The only serious case historically has been O_APPEND which does have
pretty precise semantics. Nowdays we also have pread/pwrite which have
pretty clear semantics and deal with threading. The O_APPEND case is
very important to get correct and 2.4 certainly did so.


Looking at the spec it says the following

"If the O_APPEND flag of the file status flags is set, the file offset
shall be set to the end of the file prior to each write and no
intervening file modification operation shall occur between changing the
file offset and the write operation."

This is what 2.4 took great paints to guarantee for file writes. Now in
actual fact no OS I know of implements this to the extreme (mmap) but
does for the other cases.

Outside of O_APPEND the specification says only that
- The write starts at the file position
- The file position is updated before the syscall returns

It makes no other guarantee I can see.


As such I belive that the O_APPEND case must be kept locked properly and
the non O_APPEND cases are already correctly handled by the kernel. That
seems to argue for f_pos serialization on O_APPEND only.

Alan
Linus Torvalds
2006-04-13 22:40:10 UTC
Permalink
Post by Alan Cox
The only serious case historically has been O_APPEND which does have
pretty precise semantics. Nowdays we also have pread/pwrite which have
pretty clear semantics and deal with threading. The O_APPEND case is
very important to get correct and 2.4 certainly did so.
pread/pwrite automatically is safe.

Our O_APPEND handling should be safe - although since we do it at a FS
level it actually depends on the filesystem itself. Most (all that use the
generic routines at least) filesystems will get the inode semaphore for
writing, and do the position handling within that semaphore.

So we follow the specs, but..
Post by Alan Cox
Outside of O_APPEND the specification says only that
- The write starts at the file position
- The file position is updated before the syscall returns
It makes no other guarantee I can see.
Right. I think this is purely a "quality of implementation" issue. We
already follow the spec, the question is whether we want to be better than
that.
Post by Alan Cox
As such I belive that the O_APPEND case must be kept locked properly and
the non O_APPEND cases are already correctly handled by the kernel. That
seems to argue for f_pos serialization on O_APPEND only.
f_pos doesn't really matter for O_APPEND, since we'll ignore it, and use
the file size as the position. Which is why the patch I sent out doesn't
matter (and which is why we already get O_APPEND right - we check the file
size within the inode semaphore/mutex).

Linus
Alan Cox
2006-04-13 23:05:49 UTC
Permalink
Post by Linus Torvalds
Post by Alan Cox
Outside of O_APPEND the specification says only that
- The write starts at the file position
- The file position is updated before the syscall returns
It makes no other guarantee I can see.
Right. I think this is purely a "quality of implementation" issue. We
already follow the spec, the question is whether we want to be better than
that.
Quality for whom ? There is a measurable cost to all that extra locking
which will hurt everyone. Given existing kernels don't make the
guarantee and SuS v3 does not make the guarantee the apps that need it
will continue to do the extra work themselves anyway.
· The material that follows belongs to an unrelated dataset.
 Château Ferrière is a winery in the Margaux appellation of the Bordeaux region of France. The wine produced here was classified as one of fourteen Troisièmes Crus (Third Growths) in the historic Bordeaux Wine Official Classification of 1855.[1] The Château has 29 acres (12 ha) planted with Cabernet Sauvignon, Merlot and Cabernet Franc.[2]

I'd say the existing approach is the best quality of implementation for
those needing performance and that the cost for those needing ordering
guarantees in Linux is already astoundingly low thanks to the excellent
work done on futex based posix locking in glibc. I can choose to pay the
costs today, if we do extra locking I cannot opt out.

And of course I too would like to know if anyone is hitting O_APPEND
examples of this problem and if so on what fs ....

Alan
Linus Torvalds
2006-04-13 23:06:46 UTC
Permalink
Post by Alan Cox
Quality for whom ? There is a measurable cost to all that extra locking
which will hurt everyone. Given existing kernels don't make the
guarantee and SuS v3 does not make the guarantee the apps that need it
will continue to do the extra work themselves anyway.
True.
Post by Alan Cox
And of course I too would like to know if anyone is hitting O_APPEND
examples of this problem and if so on what fs ....
Well, Dan already said that he doesn't see it with O_APPEND (aka ">>"),
but yes, other filesystems may not be that lucky.
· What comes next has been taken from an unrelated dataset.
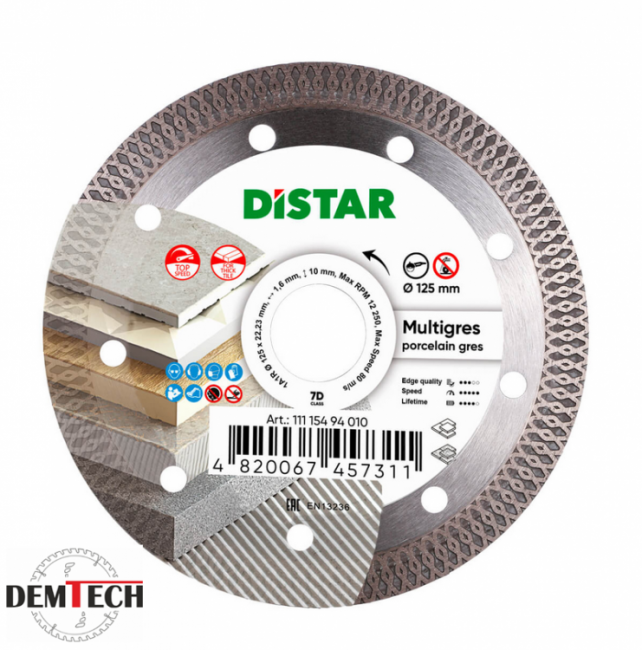 Tarcza diamentowa Distar Multigres zaprojektowana do cięcia płytek porcelanowych oraz twardego gresu o grubości do 20 mm. Tarcza wyróżnia się wysokim na 10 mm i wyjątkowo cienkim segmentem diamentowym o grubości 1,4 mm, co przekłada się na wysoką prędkość cięcia oraz ponadprzeciętną żywotność.

I'd actually not be surprised if the O_APPEND thing is tested by some of
the FS stress tools, so I suspect all the regular filesystems get it
right. Of course, since most of them - at least the local ones - use the
same generic framework, that's an even safer bet.

NFS etc is very special, of course, especially in the presense of clients
on different machines. At that point, I wouldn't guarantee a whole lot.

Linus
Linus Torvalds
2006-04-13 23:11:30 UTC
Permalink
Post by Alan Cox
Quality for whom ? There is a measurable cost to all that extra locking
which will hurt everyone. Given existing kernels don't make the
guarantee and SuS v3 does not make the guarantee the apps that need it
will continue to do the extra work themselves anyway.
True.
Side note: if you want the strange POSIX guarantees that Dan quoted
(atomicity between write and fstat), you'd almost have to do it with
user-space crapola magic locks. Doing it in the kernel would just be
insane, you'd have to have some per-process "IO semaphore".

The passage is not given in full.